- Born: April 4, 1953 Riverside, California, U.S.
- Died: April 13, 2009 (aged 56)
- Occupations: Off-road motorcycle racer, racing manager, test rider
- Awards: Motorcycle Hall of Fame (posthumous)

= Bruce Ogilvie (motorcyclist) =

American motorcycle racer

Bruce Ogilvie (April 4, 1953– April 13, 2009) was an American off-road motorcycle racer. He was a top American Motorcyclist Association (AMA) District 37 desert racer, winner of multiple Baja 500 and Baja 1000 races, and a long-time manager of American Honda’s off-road race team. Ogilvie was posthumously inducted into the AMA Motorcycle Hall of Fame in 2010.

==Background==
Born April 4, 1953, in Riverside, California, to Donald (Don) and Charlene Ogilvie, Bruce Ogilvie's amateur career led him to become one of the greatest desert racers ever to spring from AMA District 37 in Southern California.

==Racing career==
His Baja victories span over four decades. The first was a Baja 500 win in 1975, with another win in the 1000 later that year. He also competed in enduro events, winning a gold medal at the 1981 International Six Days Enduro. The International Six Day Trials, a form of off-road motorcycle Olympics, is the oldest annual competition sanctioned by the FIM dating back to 1913.

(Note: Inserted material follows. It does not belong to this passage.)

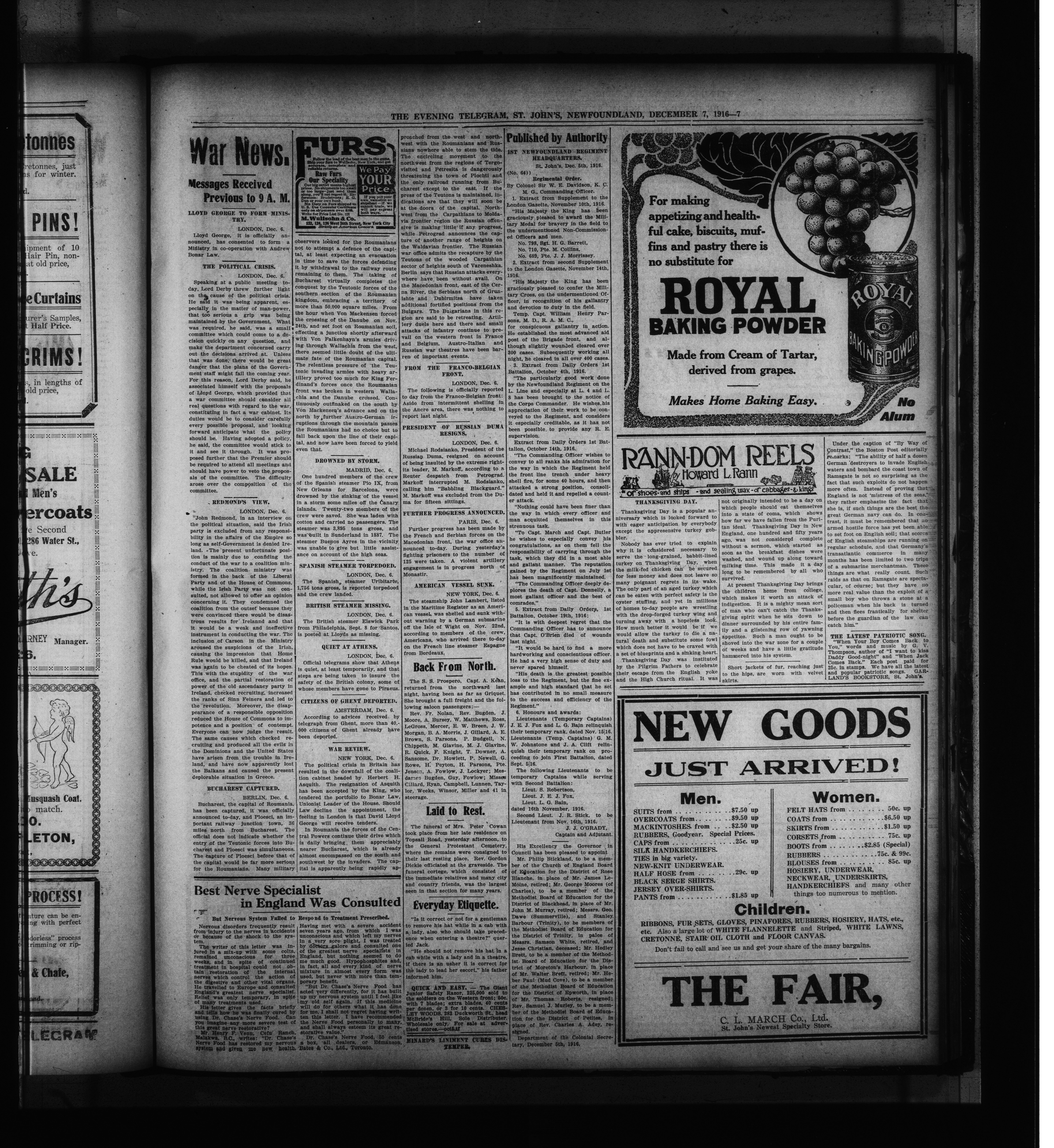 The Evening Telegram : Volume XXXVIII, Number 283 (December 7, 1916)

Ogilvie was the only man in history to win the Baja 1000 overall in four different decades, and he posted his last overall win in 2003 at the age of 51. He died on April 13, 2009, after a two-year battle with cancer.

Ogilvie was employed by American Honda beginning in 1984 where he served in many capacities over the years including, being in charge of Honda's off-road activities with motorcycle and ATV racing. Ogilvie was the lead developer of Honda CRF off-road race motorcycles. Prior to his death, he was the Senior Test Evaluator for Honda's Product Evaluation department.